Arnór had strong anti-Communist views and was said to have been "extremely critical of the Icelandic Socialists" in his 1999/2000 book Moskvulínan: Kommúnistaflokkur Íslands og Komintern, Halldór Laxness og Sovétríkin.

He was the son of Hannibal Valdimarsson, a former minister, and had several sons and one daughter, Thora Arnorsdottir.

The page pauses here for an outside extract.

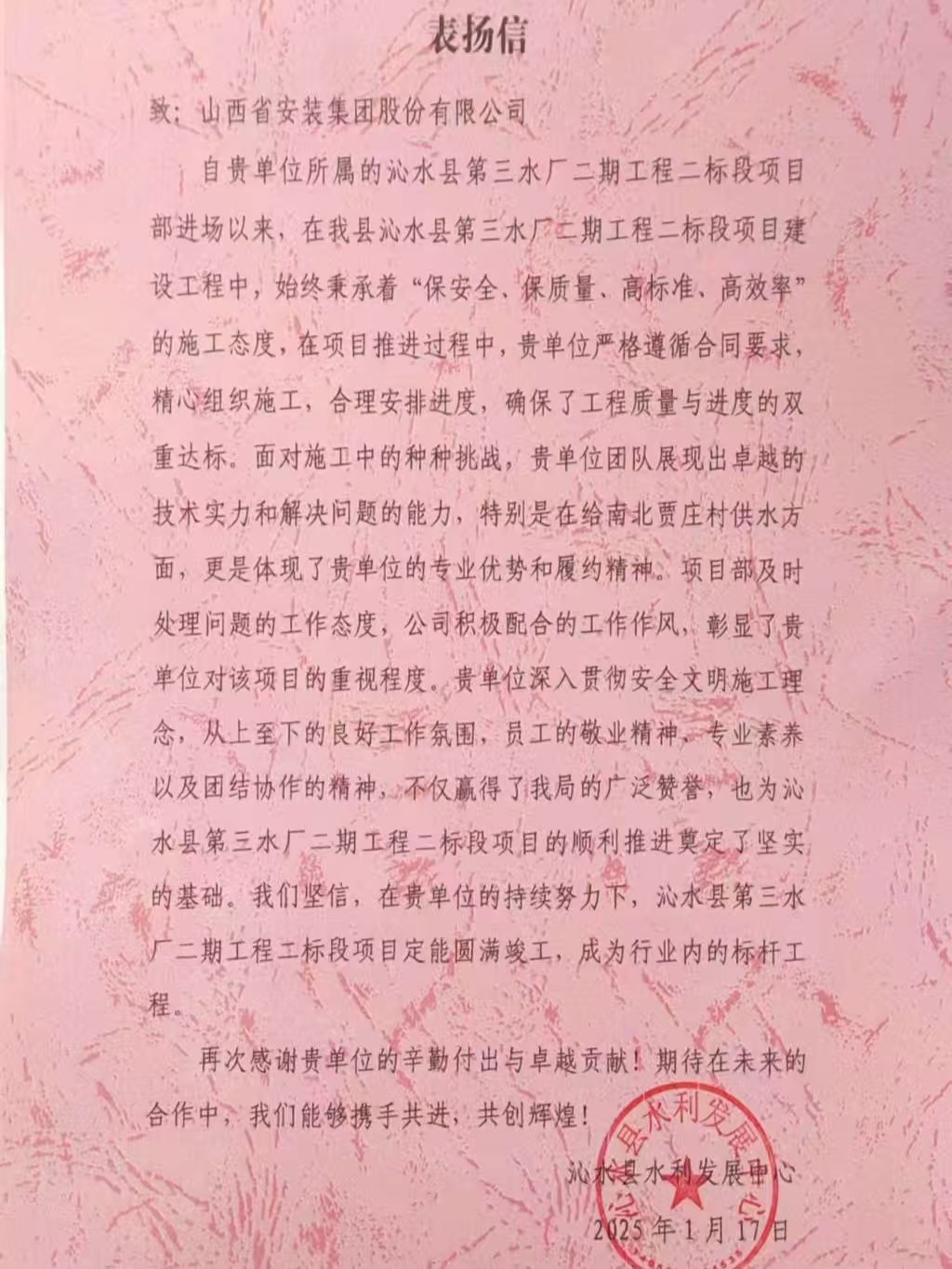 1月份以来,华中工程公司在多个工程项目中凭借出色的施工能力和专业精神,接连收到来自不同项目业主单位的表扬信,充分彰显了华中工程公司在工程建设领域的卓越实力和良好口碑。

He died on 28 December 2012.

==Main publications==
- 1978 Rökfræðileg aðferðafræði (Logical Methodology)
- 1979 Siðfræði vísinda (Ethics of Science)
- 1985 Heimspeki félagsvísinda (Philosophy of Society)
- 1985 Um rætur þekkingar (The Roots of Knowledge)
- 1987 Fagurfræði (Aesthetics)
- 1987 Söguspeki (History Wisdom)
- 1999 Moskvulínan: Kommúnistaflokkur Íslands og Komintern, Halldór Laxness og Sovétríkin (Moscow Line: The Communist Party of Iceland and the Comintern, Halldór Laxness and the Soviet Union)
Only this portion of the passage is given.